** Extracted entries follows **
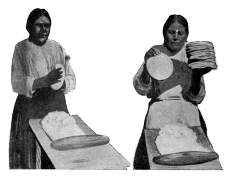 Y. Y. Perez, Public Bakery, Sonora Town, Los Angeles. They refuse to make them any other way and take the same pleasure in making a perfectly thin and round tortilla that puffs up nicely while cooking, as you and I do in trying to make a beautiful loaf of bread. Truly the heart of women are the same the world over. Deep down, no matter what the environment, the desire is always there, to be "loaf givers."
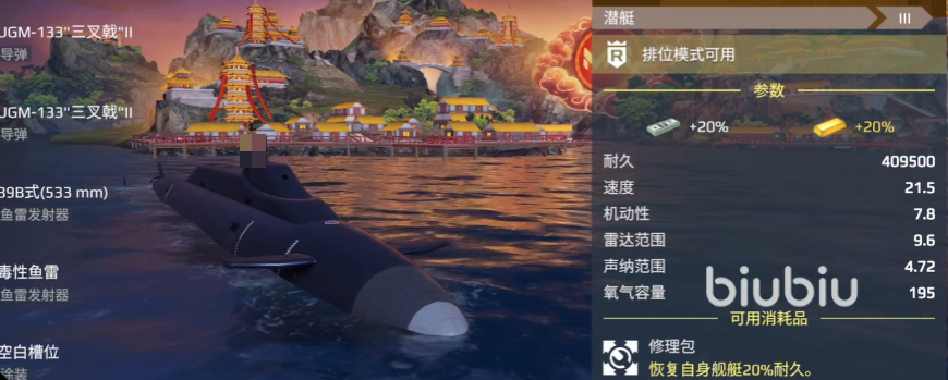 096型,在属性方面略逊一筹,氧气偏低,但其火力结构颇具看点,采用“4导弹+3鱼雷”的设定,并且导弹配置为2+2布局,使其在水面压制中具备不俗连发能力,尤其搭配X51导弹后,操作流畅度和输出稳定性都有保障。
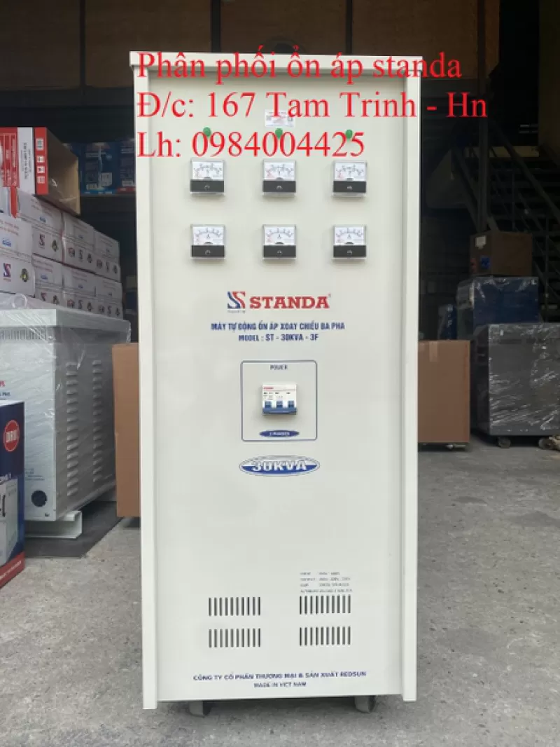 Phân phối ổn áp standa 30kva - 30kw 3 pha model ST - 30KVA - 3F giá rẻ. Ổn áp standa 30kva 3 pha quấn dây đồng 100%, bảo hành 04 năm, giao hàng miễn phí trên toàn quốc.
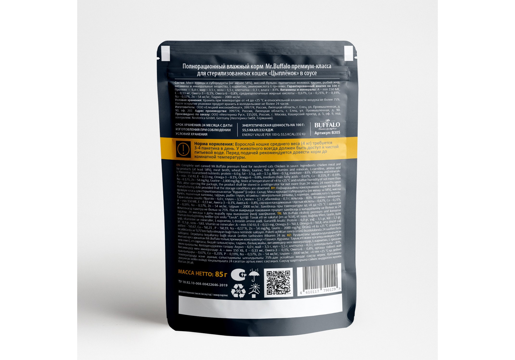 Влажный корм премиум-класса с цыпленком для взрослых стерилизованных котов и кошек «Цыпленок» в соусе Mr.Buffalo for sterilized cats «Chicken» in gravy изготовлен из натуральных, гипоаллергенных и легко усваиваемых ингредиентов. В оптимальном количестве содержит животные белки и жиры, питательные вещества, а также микроэлементы, необходимые для жизнедеятельности вашей кошки. Благодаря сбалансированному составу поддерживает работу желудочно-кишечного тракта, иммунитета, а также других органов и систем организма. Рацион разработан на основе исследований в области питания домашних животных, учитывающих особенности организма стерилизованной кошки, изготовлен специально для того, чтобы помочь животному чувствовать себя здоровым и активным. L-треонин в составе корма — незаменимая аминокислота, которая предотвращает отложение жиров в печени, участвует в синтезе коллагена и эластина (структурных белков, составляющих основу соединительной ткани, обеспечивающих ее прочность и эластичность), а также играет активную роль в формировании иммунитета. Вместе с тем у взрослых кошек недостаток этой аминокислоты вызывает нарушение обмена веществ, снижение массы тела и сбои в работе печени. L-карнитин в составе рациона является важнейшим участником метаболизма жиров, доставляя в клетки жирные кислоты, которые в ходе дальнейшего процесса превращаются в энергию. Таурин — важный ингредиент для поддержания остроты зрения и здоровья сердечно-сосудистой системы кошек. Влажный корм Mr.Buffalo не содержит сахара, ГМО, сои. Паучи отлично дополнят полнорационный сухой корм Mr.Buffalo и внесут разнообразие в питание вашей кошки.
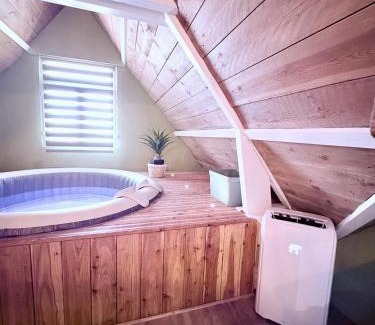 Food & DrinkBottle of water, Tea/Coffee makerBathroomHairdryer, Toilet, Private bathroom, Bathrobe, Bathtub or shower, Shampoo, Toilet paper, Free toiletries, Towels, Body soap, ShowerMedia & TechnologyFlat-screen TV, Streaming service (like Netflix), TVGeneralSmoke Alarm, Hardwood or parquet floors, Fan, Air conditioning, Private entrance, Soundproof, Trash cans, Heating, Fire extinguisherActivitiesHot tubKitchenKitchenette, Electric kettle, Refrigerator, Microwave, High chair, Coffee machine, Wine glasses, KitchenwareOutdoorsBalconyLiving AreaDining areaBedroomChildrens' cribs, Wardrobe or closet, LinensAccessibilityUpper floors accessible by stairs onlyRoom AmenitiesSocket near the bed, Clothes rack |
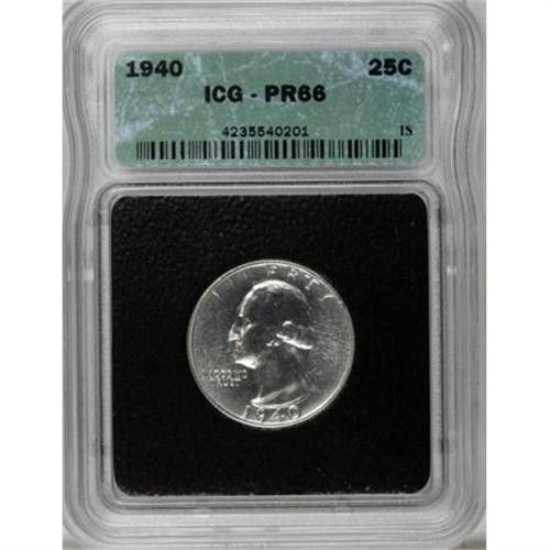 <B>1940 25C PR66 ICG.</B></I> NGC Census: (444/190). PCGS Population (594/146). Mintage: 11,246. Numismedia Wsl. Price for NGC/PCGS coin in PR66: $255. (#5979)<BR><BR><B>Coin Engraver:</B> John Flanagan<BR><BR><b>Shipping:</b> Coins & Currency (<a target="_blank" href="http://www.heritageauctions.com/common/shipping.php">view shipping information</a>)
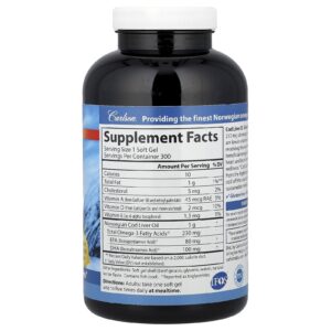Carlson Wild Norwegian Gemas de Óleo de Fígado de Bacalhau Baixo Teor de Vitamina A Limão Natural 300 Cápsulas Softgel – Carlson Suplementos Ômegas e Óleos de Peixe (EPA/DHA) Óleo de Fígado de Bacalhau.
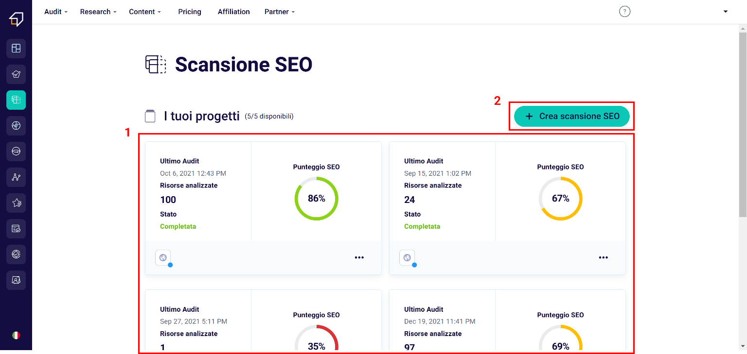 Within the page that appears, in fact, you can decide whether to use one of your existing SEO projects (1), or create a new scan (new SEO project) (2).
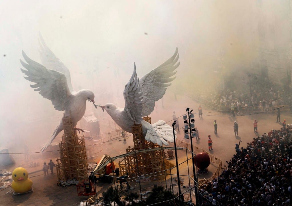 2024年3月15日,西班牙华伦西亚,Mascleta火炮表演烟雾弥漫,掩盖了艺术家Escif创作象征和平白鸽争夺橄榄枝的巨型雕像(Ninots)及市政广场建筑物。摄:Eva Manez/Reuters/达志影像
** End of Extracted entries **
## What the exercise asks
Every line between the one containing "Within the page" and the last line of the data above, both included, should be copied exactly, but not the pictures.

## Task answer
 Within the page that appears, in fact, you can decide whether to use one of your existing SEO projects (1), or create a new scan (new SEO project) (2).
 2024年3月15日,西班牙华伦西亚,Mascleta火炮表演烟雾弥漫,掩盖了艺术家Escif创作象征和平白鸽争夺橄榄枝的巨型雕像(Ninots)及市政广场建筑物。摄:Eva Manez/Reuters/达志影像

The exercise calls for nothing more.